Colori e sapori del Cilento: la cianfotta

Uno dei piatti classici della cucina mediterranea: dalla tradizione dei pescatori alle nostre tavole
di Marco De Rosa - 25 Settembre 2014
Colori e sapori del Cilento: la cianfotta

Da “Benvenuti al Sud” alla tavola di casa nostra. Spesso preparare un piatto che possa far saltare alla mente i profumi ed i sapori della cucina campana può diventare una vera e propria arte, specie se lo si prepara utilizzando i prodotti tipici della terra in cui viviamo. Se poi questo piatto diventa “protagonista” di uno dei film che hanno spopolato nei cinema italiani il gioco è servito. Stiamo parlando della “cianfotta” o “ciambotta”, tipicamente cilentana, oltre che uno dei piatti campani per eccellenza.

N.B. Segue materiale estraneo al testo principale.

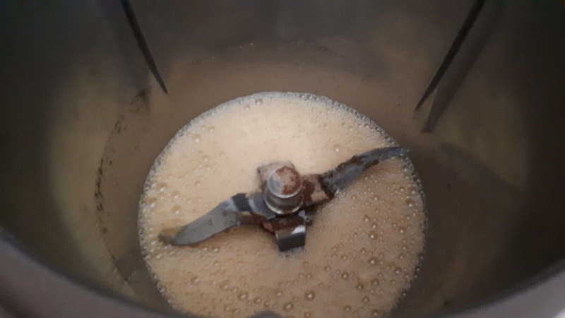 - Mettre les œufs et le sucre dans le bol puis mélanger 1 min/vit3. Ajouter ajouter la mascarpone, la purée de fruits, la farine et la levure puis mélanger 30sec/vit4.
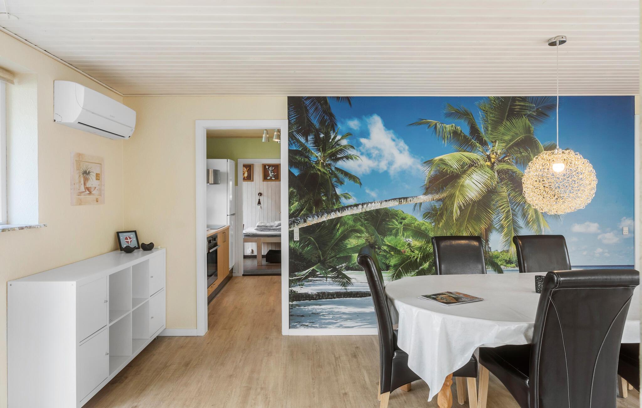 Alle kan se frem til en ferie, hvor man kommer helt ned i tempo, for dette skønne sommerhus har en dejlig ro. Her kan I se frem til en varm og personlig stil med komfortable indretningsløsninger og et behageligt lysindfald fra vinduerne. På en smuk kold forårsdag er det hyggeligt at sætte sig med te og brætspil i udestuen.
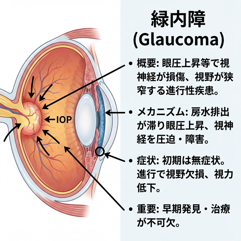 緑内障は、視神経が障害されることで視野が徐々に狭くなる病気です。
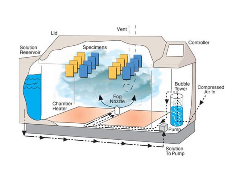 - Tuzlu çözeltinin püskürtüldüğü, sıcaklık ve nemin kontrol edildiği özel bir kabin.
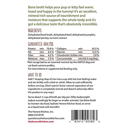 -. Title : The Honest Kitchen Beef Bone Broth: Natural Human Grade Functional Liquid Treat with Turmeric Spice for Dogs & Cats, 5 oz (pack of 2)
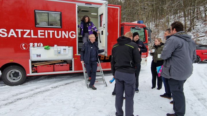 Um die Übungsszenarien – am Nachmittag ging es mit vertauschten Rollen noch um einen eskalierten Abi-Streich mit mehreren hundert unter Atemnot leidenden Schülern bei einer Schaumparty – möglichst realistisch zu gestalten, unterstützen rund 50 zumeist Ehrenamtliche der Feuerwehren aus den Gemeinden und Städten Angelburg, Biedenkopf, Dautphetal und Kirchhain die Prüflinge. „Zudem wirkte noch die Regieeinheit des Landkreises Marburg-Biedenkopf mit dem Einsatzleitwagen 2 (ELW 2) mit“, erklärt Christian Reifert. Als Fachbereichsleiter „Gefahrenabwehr“ im Landkreis Marburg-Biedenkopf dankte Kreisbrandinspektor Lars Schäfer zu Beginn „seinen“ Feuerleuten und bedankte sich für ihre Unterstützung.
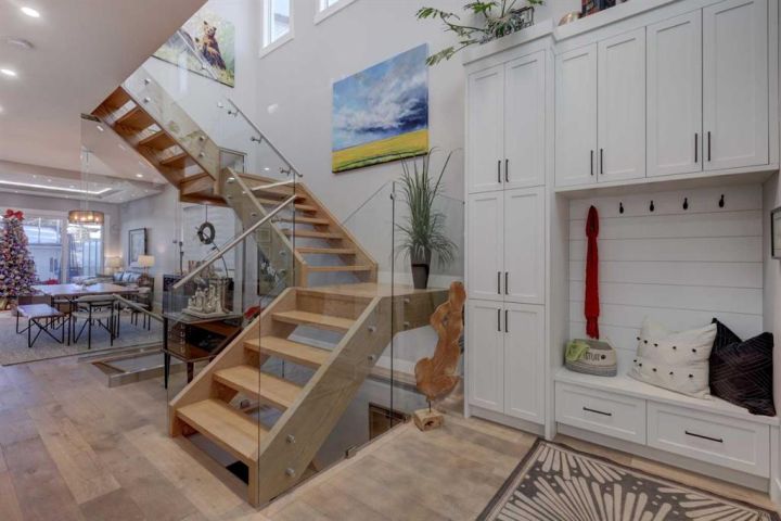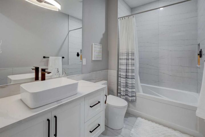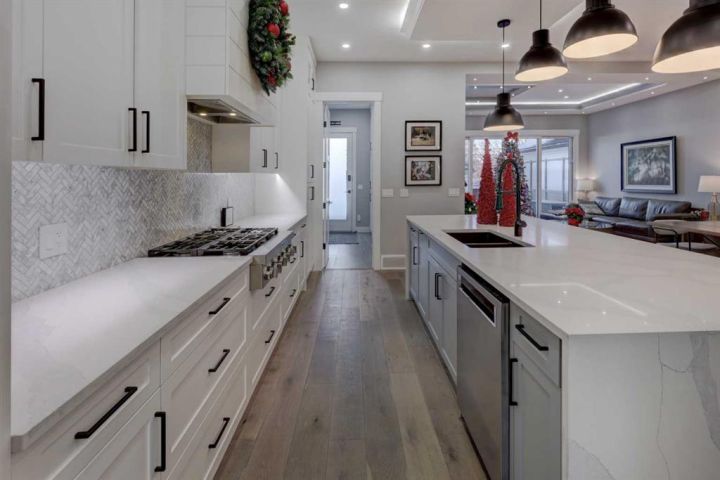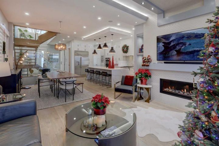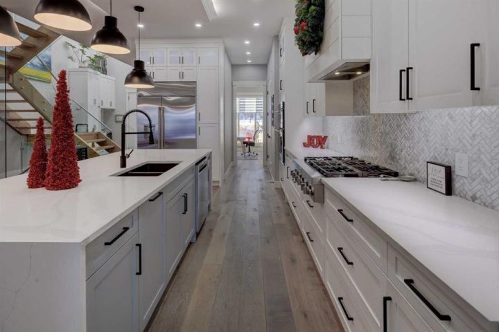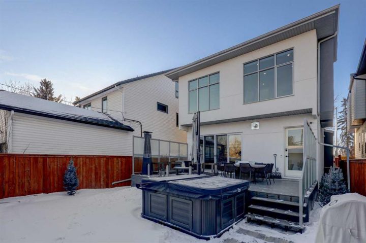 Stunning custom-built executive home with over 3500 Square feet of developed living space including FOUR bedrooms, FOUR full baths, a professionally developed basement, and heated TRIPLE-car garage, ideally located across from a park in Killarney. Stylish exterior with custom stone accents, gemstone lighting and inviting front patio. Open-concept design with neutral tones, 9’ & 10’ ceilings, wide-plank hardwood flooring, custom mouldings, barn doors, and Hunter Douglas blinds throughout. Chef-inspired kitchen with huge pantry features a six-burner gas range, professional stainless appliances, waterfall countertops, ample white cabinetry, and designer lighting. Spacious living room with gas fireplace and tray ceiling opens to a large deck, saltwater hot tub, and fully fenced yard. Show-stopping foyer with custom locker storage and open-riser staircase with glass railings, plus main-floor powder room and mudroom. Primary retreat offers vaulted ceilings, luxurious 5-piece ensuite with heated floors, floating double vanity, soaker tub, walk-in closet, and private outdoor seating area. Two additional upper bedrooms each include ensuite baths, plus upper-floor laundry. Entertainer’s basement features wet bar, fourth bedroom, fourth bath with heated floors throughout, wine cellar, gym, and ample storage. Other features include reverse osmosis water filtration, water softener, radon mitigation and Professionally landscaped low-maintenance yard with irrigation & artificial turf. This is the perfect family home in a great location just minutes to downtown, close to shops and all amenities including schools & parks.
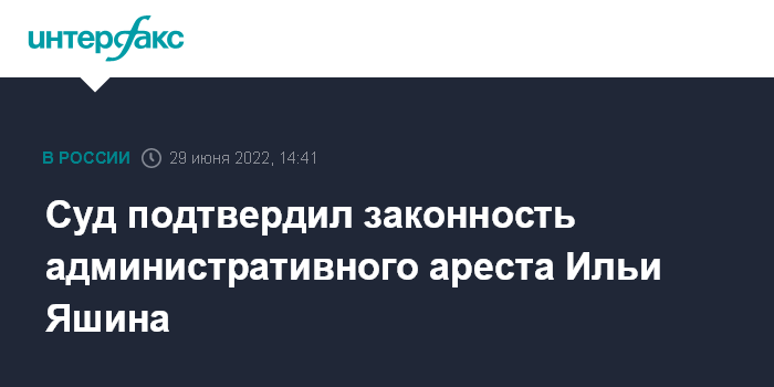Москва. 29 июня. INTERFAX.RU - Мосгорсуд отклонил апелляцию на решение назначить 15 суток ареста муниципальному депутату Красносельского района Илье Яшину, сообщили "Интерфаксу" в пресс-службе суда.

Un gran bel piatto di verdure che non possiede una ricetta univoca ma si presta a numerose varianti: nasce come piatto povero per le famiglie di pescatori, che cucinavano insieme diverse varietà di pesce e frutti di mare (come spigole, gamberoni e via discorrendo), con pomodori, acqua ed un peperone verde; e poi successivamente preparata anche in versione esclusivamente vegetale.

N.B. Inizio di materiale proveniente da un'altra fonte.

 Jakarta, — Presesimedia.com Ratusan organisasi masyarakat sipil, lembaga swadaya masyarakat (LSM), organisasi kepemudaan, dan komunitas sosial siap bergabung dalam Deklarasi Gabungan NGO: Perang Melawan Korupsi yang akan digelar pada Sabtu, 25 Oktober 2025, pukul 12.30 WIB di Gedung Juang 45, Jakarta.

Ingredienti semplici e genuini: melenzane, peperoni rossi, zucchine, patate, cipolle, qualche pomodoro San Marzano e la classica spruzzatina di olio, sale e pepe. Prendiamo le verdure e le patate, lavandole per bene. Tagliamo le melanzane a fette, le patate a dadini, i peperoni a filetti e le zucchine a rondelle. Tuffate per pochi secondi i pomodori nell’acqua in ebollizione, passateli nell’acqua fredda quindi pelateli, privateli dei semi e spezzettateli. Soffriggere in ordine le melanzane, le zucchine, le patate ed i peperoni. Ecco però uno dei piccoli segreti per l’ottima riuscita del piatto: friggere gli ingredienti separatamente, per non farne assumere lo stesso sapore, per poi riunirle in un tegame di coccio. Scaldiamo l’olio facendo appassire a fuoco lento la cipolla; poi, quando inizia a prendere colore, versiamo tutto quanto preparato, aggiungere la polpa di pomodoro, salare e cuocere a fuoco basso per una decina di minuti, mantenendo il coperchio che faciliterà la cottura delle verdure. A scelta, per chi vuole un piatto con gli ingredienti legati tra loro, aggiungere un tocco di farina e mescolare. Ricordate di girare il tutto di tanto in tanto e, laddove necessario, aggiungete un po’ di acqua calda per evitare che si incolli tutto sul fondo della pentola.

Ed ora non resta che preparare il piatto, magari con a portata di mano una buona dose di pane per la tradizionale “scarpetta” ed un sano bicchiere di vino, ovviamente rosso. E buon appetito!